----- Data block -----
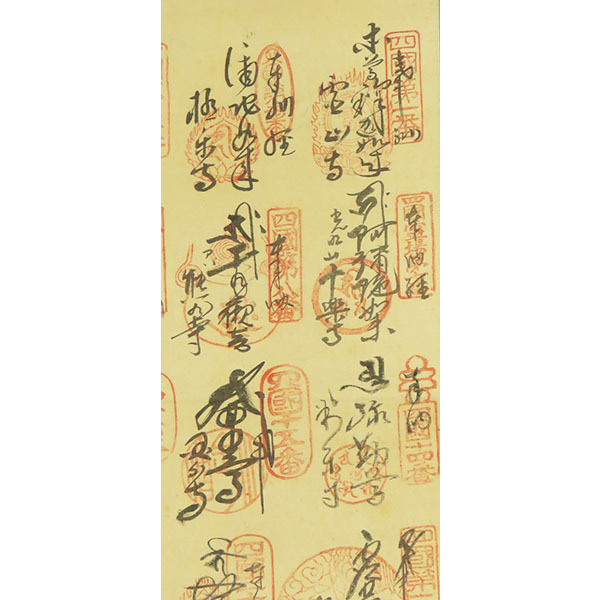 B-4721【真作】四国八十八ヶ所霊場巡拝記念納経 肉筆絹本淡彩 掛軸 戦前 昭和前期/曼荼羅 弘法大師 空海 印譜 御朱印 お遍路 古経 仏画 收藏
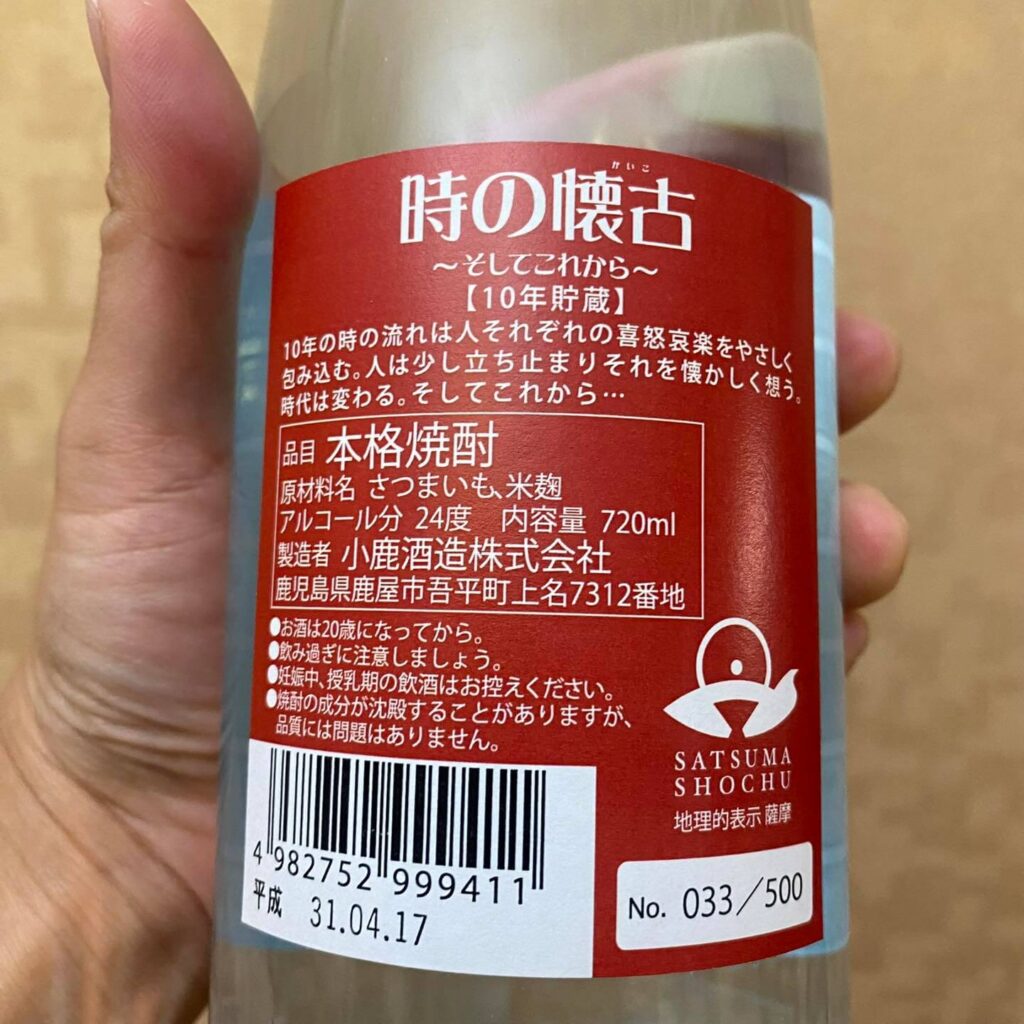 「10年儲藏 時の懐古~そしてこれから~ 小鹿酒造」在「平成」最後的兩個禮拜裝瓶,設定為24%酒精,到現在總共是15.5年的小鹿燒酎,純喝起來,不是想像的陳年甕味 或 毫無生氣的老燒酎,而是還保留些新鮮氣息的白麴黃金千貫芋燒酎,地瓜味很明顯,喝起來還有種濃縮鳳梨汁或番茄汁的香味,時間讓酒精變得圓滑,卻沒有變得無趣,是隻有水準的燒酎,而且煮過更好喝
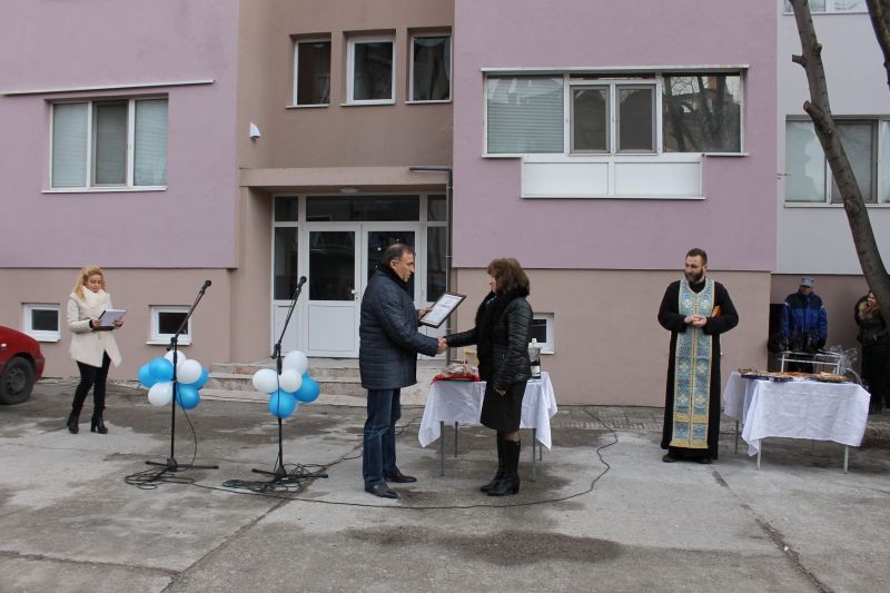 Кметът Грозев връчи на Славия Митева от сдружението на собствениците Грамота „Образцов дом“. Тя от своя страна благодари и подари на кмета символичен ключ за санираните апартаменти.
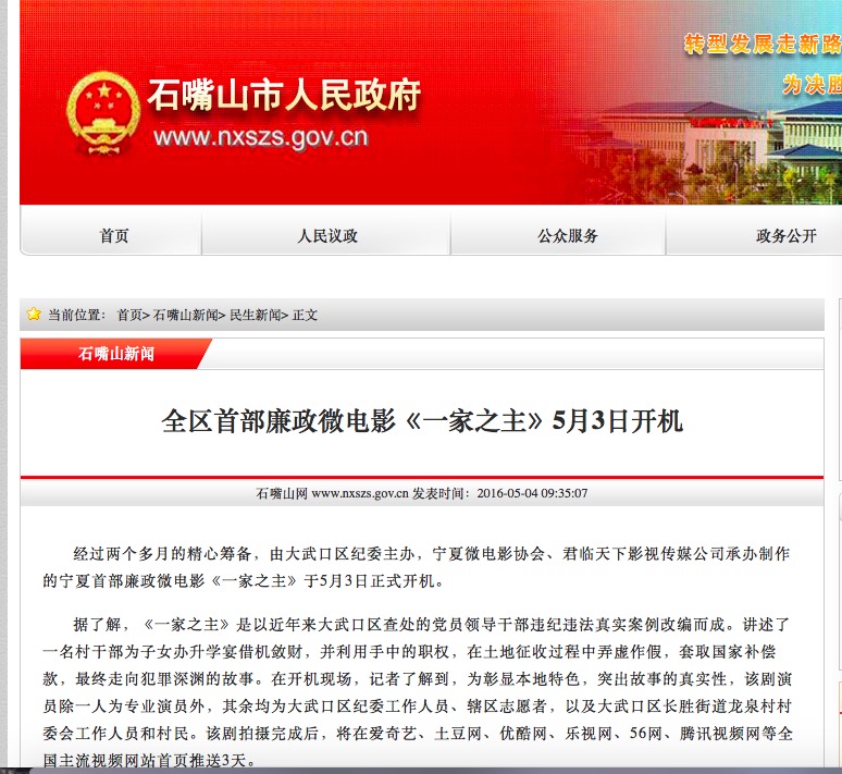 中國(guó)影視娛樂(lè)訊:2016年05月03日,由石嘴山市大武口區(qū)紀(jì)委、寧夏回族自治區(qū)微電影協(xié)會(huì)聯(lián)合出品,君臨天下影業(yè)攝制的寧夏紀(jì)檢監(jiān)察系統(tǒng)首部廉政微電影《一家之主》開(kāi)機(jī)儀式在石嘴山市大武口區(qū)紀(jì)委會(huì)議室舉行。
-----
What this task involves: The response must match the listing exactly, except that pictures are removed.

Reply:
 B-4721【真作】四国八十八ヶ所霊場巡拝記念納経 肉筆絹本淡彩 掛軸 戦前 昭和前期/曼荼羅 弘法大師 空海 印譜 御朱印 お遍路 古経 仏画 收藏
 「10年儲藏 時の懐古~そしてこれから~ 小鹿酒造」在「平成」最後的兩個禮拜裝瓶,設定為24%酒精,到現在總共是15.5年的小鹿燒酎,純喝起來,不是想像的陳年甕味 或 毫無生氣的老燒酎,而是還保留些新鮮氣息的白麴黃金千貫芋燒酎,地瓜味很明顯,喝起來還有種濃縮鳳梨汁或番茄汁的香味,時間讓酒精變得圓滑,卻沒有變得無趣,是隻有水準的燒酎,而且煮過更好喝
 Кметът Грозев връчи на Славия Митева от сдружението на собствениците Грамота „Образцов дом“. Тя от своя страна благодари и подари на кмета символичен ключ за санираните апартаменти.
 中國(guó)影視娛樂(lè)訊:2016年05月03日,由石嘴山市大武口區(qū)紀(jì)委、寧夏回族自治區(qū)微電影協(xié)會(huì)聯(lián)合出品,君臨天下影業(yè)攝制的寧夏紀(jì)檢監(jiān)察系統(tǒng)首部廉政微電影《一家之主》開(kāi)機(jī)儀式在石嘴山市大武口區(qū)紀(jì)委會(huì)議室舉行。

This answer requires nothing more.